А  Б  В  Г  Д  Е  Ж  З  И  Й  К  Л  М  Н  О  П  Р  С  Т  У  Ф  Х  Ц  Ч  Ш  Щ  Э  Ю  Я  

 

Это и могло быть тем самым лабиринтом, о котором с мрачной задушевностью повествовал Мартин Крюков. Но мне представилось, что лабиринт в его изображении явно посягал на некую научность, тогда как аука, все еще потихоньку голосивший где-то поодаль, и пропавшая изба, которая перед тем, может быть, миг-другой даже стояла на курьих ножках, все это вряд ли имело касательство к науке, и потому ситуация не вдохновляла на выступление в поход. Да и куда идти? С другой стороны, нехорошо и досадно было то, что я не мог повернуться опять к окну, которое оставалось, не рассеялось в обуявшей меня ночи, судя по тому, что оставался аука, по-прежнему ищущий со мной общения. Я был повернут в темноту и вынужден был стоять перед ней с застопорившейся, окаменевшей на шее головой.
И весь я окостенел, превратился в столб. Так крутила мной, угнетала меня бесперспективность.. как вдруг в темноте, которая была не совсем темнотой, а словно бы сновидением как таковым, т. е. явлением, в котором всегда можно разглядеть больше, чем там есть в действительности, - вдруг в этом провале перед моими глазами, как бы с некоторой бредовостью испещренном не то трещинками, не то морщинками на чем-то живом, возникло и закружилось нечто светлое, переменчивое, как облачко дыма.

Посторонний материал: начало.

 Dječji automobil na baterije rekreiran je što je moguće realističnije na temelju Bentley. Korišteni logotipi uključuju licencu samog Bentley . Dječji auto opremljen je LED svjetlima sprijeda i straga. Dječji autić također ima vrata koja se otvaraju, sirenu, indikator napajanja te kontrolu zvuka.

Сыграв на месте небольшой танец, нечто изящной переливчатостью, внутренним опережающим перепрыгиванием разных частей друг через дружку легко и неспешно устремилось в то, что уже без сомнения принималось мной за лабиринт. Какое-то время я терпеливо шел за мягким пятном впереди, не чувствуя знака и приказа, но в глубине души сознавая, что лучше идти и не задаваться лишними вопросами. Продолжалось мое шествие вообще-то долго, и если я действительно попал в лабиринт, он очень скоро потерял в моих глазах то значение, которое ему придавал и мог бы придать и в моем случае Мартин Крюков или какой-нибудь другой ученый человек. Для меня провозглашенная верховскими эзотериками инициация обернулась всего лишь ровным и беспрепятственным прохождением сквозь темноту, а вовсе не запутанным блужданием и встречами с удивительным, что нуждалось бы в гипотезах и объяснениях. Было ли это действо снабжено строгой законспирированностью высшего смысла или не выходило за пределы грубой шутки, оно, уже по одной своей затянутости, отбивающей охоту к размышлениям и хотя бы домыслам, могло кончиться лишь ничем.

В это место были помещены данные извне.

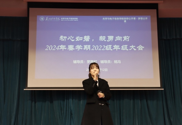为了激励同学们在新学期充满活力、踔厉奋发、笃行不怠,3月12日晚,光学与电子信息学院在学术报告厅召开2022级年级大会暨“初心如磐,毅勇向前”梦想公开课。21测控李雨婷、21电子张光赫、21能源材料孙晨昕进行分享。年级辅导员罗雨虹、杨冯,以及学院2022级全体学生参加会议,大会由杨冯主持。

Но кончилось прежде всего тем, что облачко, увлекшее меня в движение, внезапно исчезло из виду. Разумеется, концом как таковым это еще не было. На самом деле я обнаружил себя уже не в свободном пространстве, только рисующем некое условное изображение стен и проходов, а в каком-то натуральном тоннеле с твердыми и влажными стенами, которые принялись тенденциозно сужаться. Не иначе как по странной случайности я не мог остановиться и продолжал движение вперед по заданному облачком маршруту. Другого, впрочем, и не было. Только вперед! Однако это "вперед", долго сокращаясь до полной тишины и тьмы, в конце концов обернулось почти убедительной непролазностью. Я вынужден был продемонстрировать свои муки, опустился на четвереньки и зачастил, обдирая ладони и коленки, наподдал, порывистый и неукротимый, пришлось мне затем ползти и на животе. Ничего не скажешь, хорош лабиринт. Весьма научно. Пробуя голос, я надрывал грудь и удивлялся неутраченной способности издавать звуки, и радовался изрыгаемой мной хуле на самозванного философа Мартина Крюкова. Не уверен, что мое вынужденное пресмыкательство в какой-то крысиной норе хоть немного приблизило меня к центру круга, где он пребывал.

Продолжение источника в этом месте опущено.